Deutsches Forschungsnetz soll Vorreiterrolle in Europa spielen

Riesenhuber: Mit Fakten Normung beeinflussen

06.04.1984

ST. AUGUSTIN/BONN (bi) - Vor einer hochkarätigen Teilnehmerschar aus Forschung, Industrie und Politik feierte Bundesforschungsminister Heinz Riesenhuber jetzt die Gründung des Vereins zur Förderung eines deutschen Forschungsnetzes (DFN). 21 Mitglieder aus Großforschung, Universitäten und Industrie haben sich am 12. Januar 1984 zum DFN-Verein zusammengeschlossen, dessen Ziel zunächst die Bildung eines offenen Verbundsystems über Datex-P von Hochschul- und anderen Forschungsrechenzentren ist. Mit von der Partie sind DEC, IBM, Nixdorf, Philips und Siemens.

Riesenhuber sagte, dieser. "Bund der Verbündeten" solle "zu einer einzigen integrierten Arbeitsgemeinschaft zusammenwachsen". Erfolgreich werde das Projekt jedoch erst dann, wenn die Mitwirkung des Staates überflüssig geworden sei. In der Aufbauphase investiert das Bundesministerium für Forschung und Technologie (BMFT) 60 Millionen Mark für die sich beteiligenden öffentlichen Einrichtungen, wie zum Beispiel die Fraunhofer-Gesellschaft, das Hahn-Meitner-Institut, die Max-Planck-Gesellschaft etc.

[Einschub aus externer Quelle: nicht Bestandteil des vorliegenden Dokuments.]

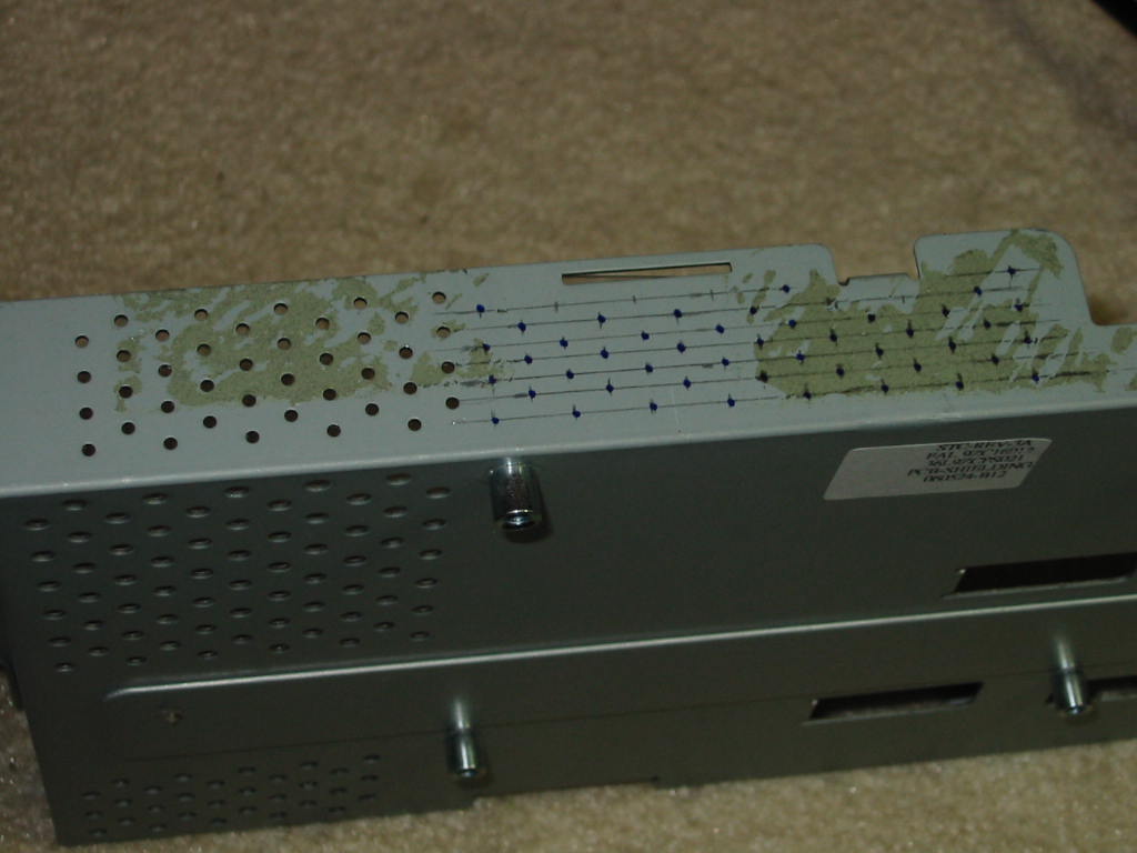 Again, the ventilation holes are tiny for whatever reason. To add insult to the injury, notice the sticky residue on the metal cover. This is leftover from where the aluminum shielding tape was put. It essentially covered most of the ventilation holes.

Der DFN-Verein verfolgt mit dem Aufbau des Forschungsnetzes mehrere Absichten, im wesentlichen wettbewerbspolitische, wissenschaftliche und finanzielle. Wettbewerbspolitisch soll die Schaffung von Tatsachen beziehungsweise von praktizierten Beispielen in die Normierung der höheren Schichten des ISO-Referenzmodells, 4 bis, einwirken. Man wolle sich jedoch, was bereits festgelegte Normen betreffe, strikt an ISO und CCITT halten und mit diesen Gremien eng zusammenarbeiten. Einerseits soll der Verein - nach den Worten Minister Riesenhubers - ein Sprachrohr sein, das den europäischen Partnerländern gegenüber die "nationale Position" vertreten kann, andererseits wolle man aber durchaus "keine Nationalisierung der Wissenschaft". Hoffnungsvoll bezeichnete der BMFT das ehrgeizige Projekt auch als "Beginn zu einem europäischen Verbund, der jedoch kein geschlossener Club" werden sollte.

Für den gesamten wissenschaftlichen Sektor versprechen sich die Vereinsgründer gravierende Verbesserungen. Der Verbund von Rechner- und Datenbank-Leistung könnte die "kritische Masse" schaffen, die schließlich aus dem vielbeklagten Nachhinken der Bundesrepublik in der technologischen Entwicklung wieder Spitzenpositionen machen könnte. Angesprochen wurden hier speziell die Bereiche VLSI-Entwurf, CAD/CAM/CAE, Hochenergie- und Plasmaphysik, Robomation, Mustererkennung und die gemeinsame Nutzung verteilter Datenbanken.

Den finanziellen Vorteil sehen die Initiatoren in erster Linie in eben dieser gemeinsamen Nutzung nationaler und internationaler Rechner- und DB-Ressourcen für ihre "industrienahe Forschung" beziehungsweise Produktentwicklung.

Das Deutsche Forschungsnetz will durch entsprechende Softwareentwicklungen folgende Leistungen anbieten:

Wahlfreier und ungehinderter Zugriff der bei den beteiligten Institutionen installierten Dialoggeräte auf alle DV-Dienste im gesamten Netz (Dialogverbund);

Übertragung von Datenbeständen zwischen beteiligten Institutionen (Datenverbund);

Nutzung verteilter Ressourcen durch Rechner-Rechner-Kommunikation (Programmverbund);

Austausch von Texten und Nachrichten zwischen den beteiligten Institutionen (Nachrichtenverbund).

Seitenhieb

Im Rahmen der Festveranstaltung zur Gründung des DFN-Vereins legte es Professor Dr. Karl Zander vom Hahn-Meitner-Institut, Berlin, und im Vorstand des neuen Vereins, Minister Riesenhuber ans Herz, sich beim Ministerkollegen Christian Schwarz-Schilling für "gebührliche Gebühren" einzusetzen. Auf diesen "keuschen Hinweis" ging der BMFT überraschenderweise ausführlich ein. Kernsatz seiner Stellungnahme zur offenen Gebührenfrage: "Die Einstiegsdroge muß billig sein!"